### Exercise
Output all entries exactly as they appear and skip the pictures.
■ ■ ■ ■ ■ ■ ■
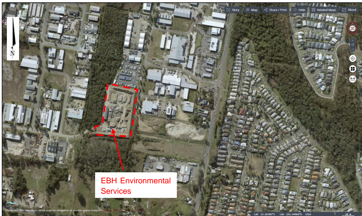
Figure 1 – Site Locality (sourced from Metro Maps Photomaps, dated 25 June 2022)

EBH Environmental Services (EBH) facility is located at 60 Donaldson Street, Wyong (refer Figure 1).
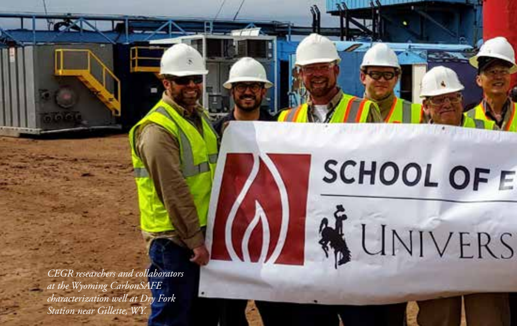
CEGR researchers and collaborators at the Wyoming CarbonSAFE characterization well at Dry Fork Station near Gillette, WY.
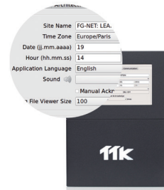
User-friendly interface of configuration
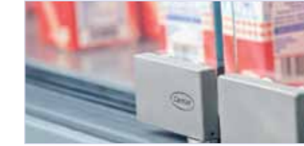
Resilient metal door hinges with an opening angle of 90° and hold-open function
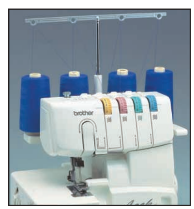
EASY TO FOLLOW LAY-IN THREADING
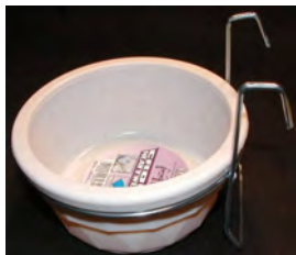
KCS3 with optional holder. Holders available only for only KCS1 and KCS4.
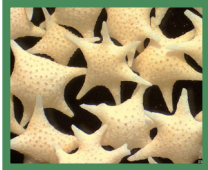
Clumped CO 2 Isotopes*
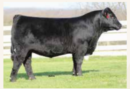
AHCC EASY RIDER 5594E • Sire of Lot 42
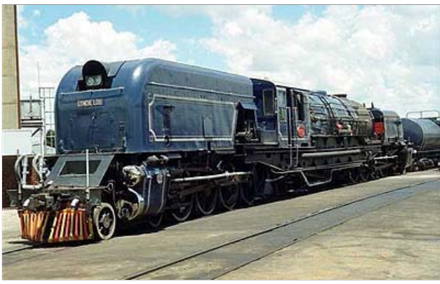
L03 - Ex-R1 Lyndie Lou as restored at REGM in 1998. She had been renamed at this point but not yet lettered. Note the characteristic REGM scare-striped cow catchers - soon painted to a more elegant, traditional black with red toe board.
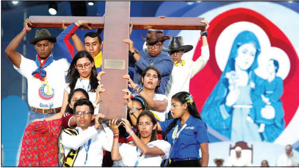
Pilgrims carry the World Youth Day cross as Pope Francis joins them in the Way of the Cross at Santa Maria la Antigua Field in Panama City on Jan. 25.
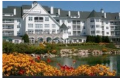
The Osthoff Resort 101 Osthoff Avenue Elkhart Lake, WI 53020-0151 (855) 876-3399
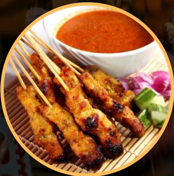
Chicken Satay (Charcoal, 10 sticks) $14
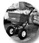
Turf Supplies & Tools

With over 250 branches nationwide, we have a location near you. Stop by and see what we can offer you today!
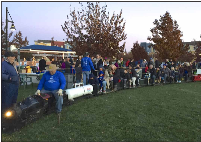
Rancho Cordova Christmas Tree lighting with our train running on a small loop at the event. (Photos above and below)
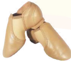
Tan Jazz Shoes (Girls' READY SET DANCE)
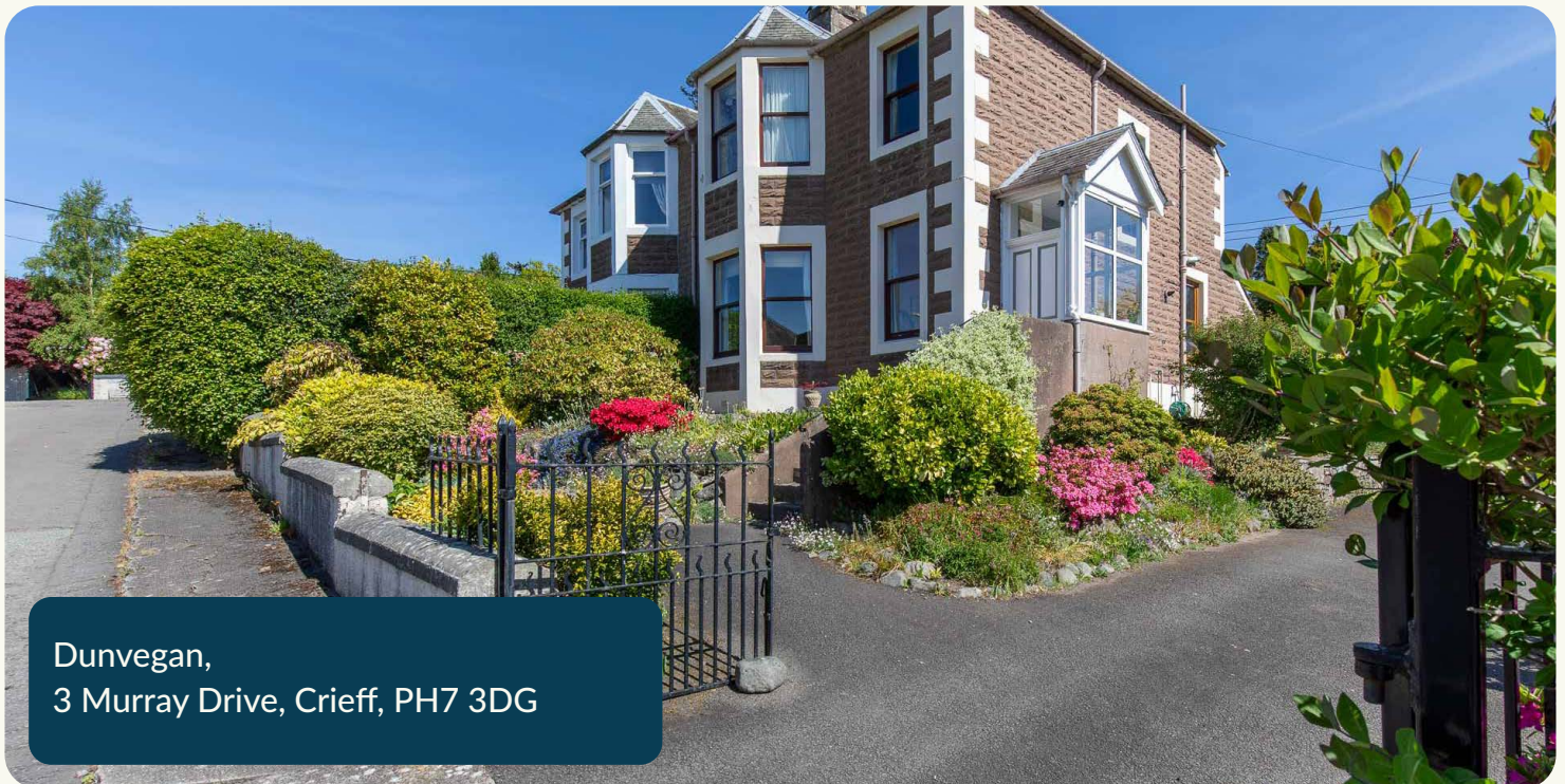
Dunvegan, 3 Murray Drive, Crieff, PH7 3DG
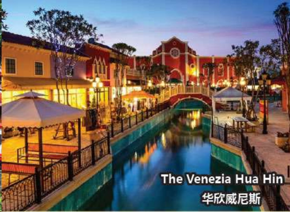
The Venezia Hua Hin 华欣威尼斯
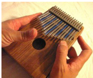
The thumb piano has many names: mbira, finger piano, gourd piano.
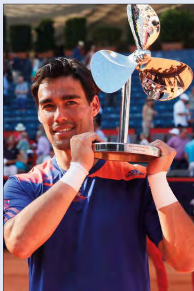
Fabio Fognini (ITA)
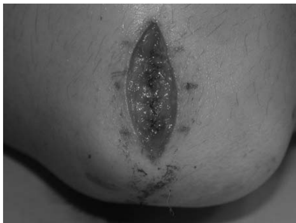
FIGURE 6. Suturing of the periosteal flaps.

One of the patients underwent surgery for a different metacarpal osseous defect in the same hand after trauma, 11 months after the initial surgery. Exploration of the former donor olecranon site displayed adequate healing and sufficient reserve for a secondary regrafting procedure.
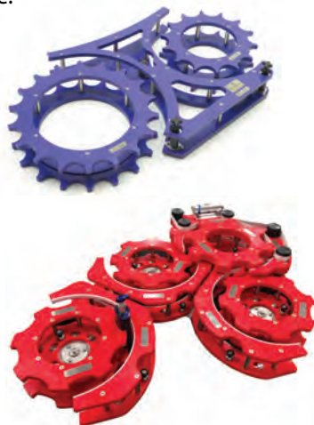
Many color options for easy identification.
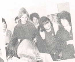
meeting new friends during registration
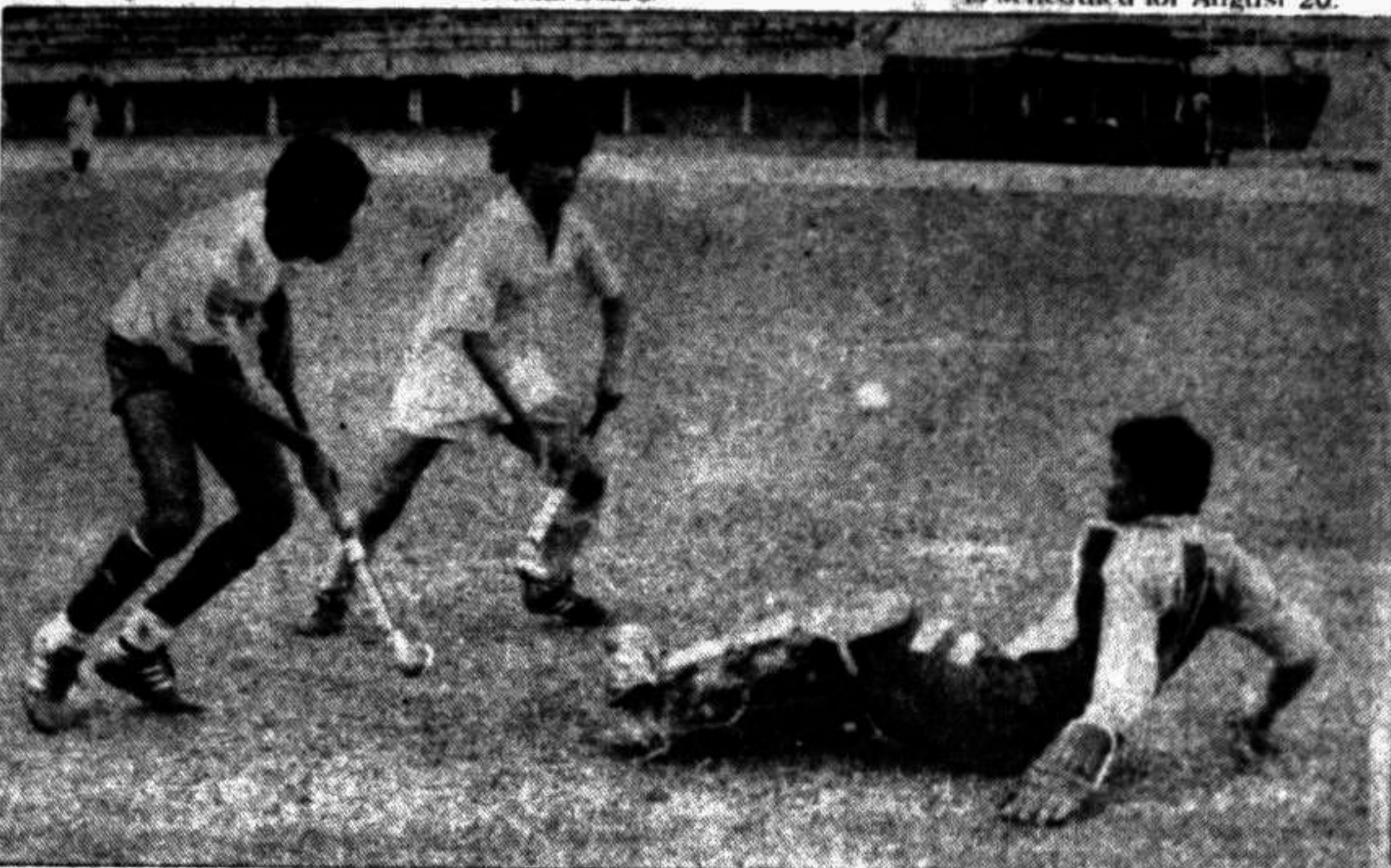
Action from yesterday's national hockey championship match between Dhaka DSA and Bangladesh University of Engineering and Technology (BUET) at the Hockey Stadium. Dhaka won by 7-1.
■ ■ ■ ■ ■ ■ ■
### Reply
Figure 1 – Site Locality (sourced from Metro Maps Photomaps, dated 25 June 2022)

EBH Environmental Services (EBH) facility is located at 60 Donaldson Street, Wyong (refer Figure 1).
CEGR researchers and collaborators at the Wyoming CarbonSAFE characterization well at Dry Fork Station near Gillette, WY.
User-friendly interface of configuration
Resilient metal door hinges with an opening angle of 90° and hold-open function
EASY TO FOLLOW LAY-IN THREADING
KCS3 with optional holder. Holders available only for only KCS1 and KCS4.
Clumped CO 2 Isotopes*
AHCC EASY RIDER 5594E • Sire of Lot 42
L03 - Ex-R1 Lyndie Lou as restored at REGM in 1998. She had been renamed at this point but not yet lettered. Note the characteristic REGM scare-striped cow catchers - soon painted to a more elegant, traditional black with red toe board.
Pilgrims carry the World Youth Day cross as Pope Francis joins them in the Way of the Cross at Santa Maria la Antigua Field in Panama City on Jan. 25.
The Osthoff Resort 101 Osthoff Avenue Elkhart Lake, WI 53020-0151 (855) 876-3399
Chicken Satay (Charcoal, 10 sticks) $14
Turf Supplies & Tools

With over 250 branches nationwide, we have a location near you. Stop by and see what we can offer you today!
Rancho Cordova Christmas Tree lighting with our train running on a small loop at the event. (Photos above and below)
Tan Jazz Shoes (Girls' READY SET DANCE)
Dunvegan, 3 Murray Drive, Crieff, PH7 3DG
The Venezia Hua Hin 华欣威尼斯
The thumb piano has many names: mbira, finger piano, gourd piano.
Fabio Fognini (ITA)
FIGURE 6. Suturing of the periosteal flaps.

One of the patients underwent surgery for a different metacarpal osseous defect in the same hand after trauma, 11 months after the initial surgery. Exploration of the former donor olecranon site displayed adequate healing and sufficient reserve for a secondary regrafting procedure.
Many color options for easy identification.
meeting new friends during registration
Action from yesterday's national hockey championship match between Dhaka DSA and Bangladesh University of Engineering and Technology (BUET) at the Hockey Stadium. Dhaka won by 7-1.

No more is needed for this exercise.